Chelsey “Sully” Sullenberger, the pilot who became a national hero for landing his US Airways flight safely in the Hudson River after a collision with a flock of geese, is among those who refuse to pass through the scanners. He says that they expose crew to excessive radiation, which they already suffer from while flying. Most passengers object on the grounds that the “porno scanners” are an invasion of privacy.

Those who refuse to comply must submit to an “enhanced pat-down” so thorough that it has led to brawls and accusations of molestation. John Tyner became a hero to millions of passengers when he was thrown out of San Diego airport after threatening a security guard with the words: “You touch my junk and I’ll have you arrested”.

Protesters organising the campaign over Thanksgiving are urging passengers to insist on having a pat-down, in the hope of bringing airports to a standstill. Another campaign,, is asking travellers who are able to take alternative transport to eschew air travel altogether.
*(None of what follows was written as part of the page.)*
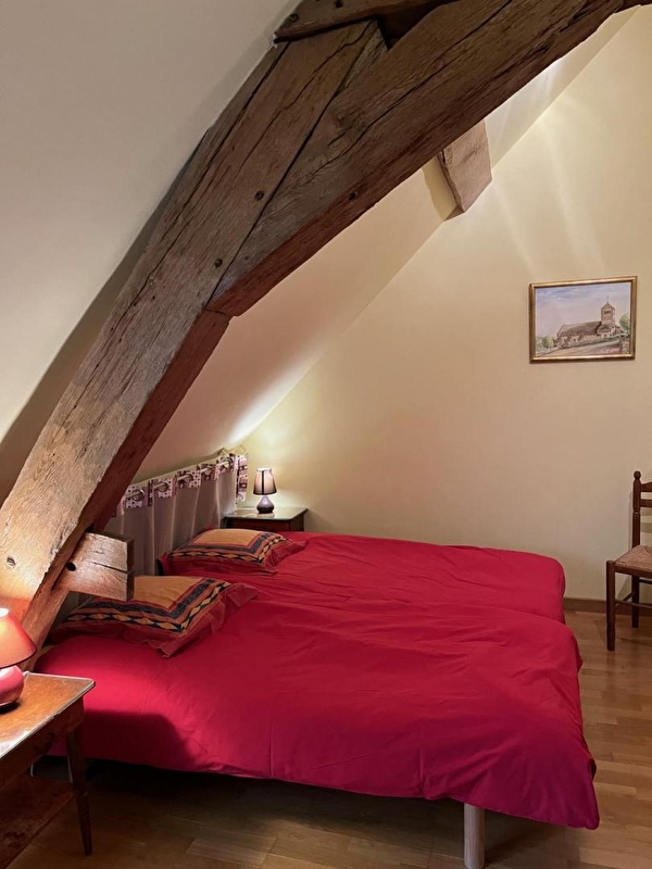 Composition : Gîte mitoyen à l'habitation des propriétaires (indépendance totale). Wifi. Chauffage central fioul. Rdc : cuisine, séjour-salon. 1er étage : salon TV sur pallier, 2 chambres (lit 2 p. 160x200cm / 2 lits 1 p. 90x200cm), salle de bain (baignoire), Wc indépendant. Jardin clos + terrasse privés. Local vélos. Parking public aisé devant le gîte. Commodités 2.5 km.

“TSA is not going have the manpower to stick their hands in the pants of every man coming through,” said James Babb, the advertising consultant who co-founded the campaign. He said some men were planning to arrive at airports wearing kilts but no underwear, while others are vowing to stage “nude protests” inside airport terminals.

John Pistole, the TSA chief, called the planned opt-out “irresponsible”.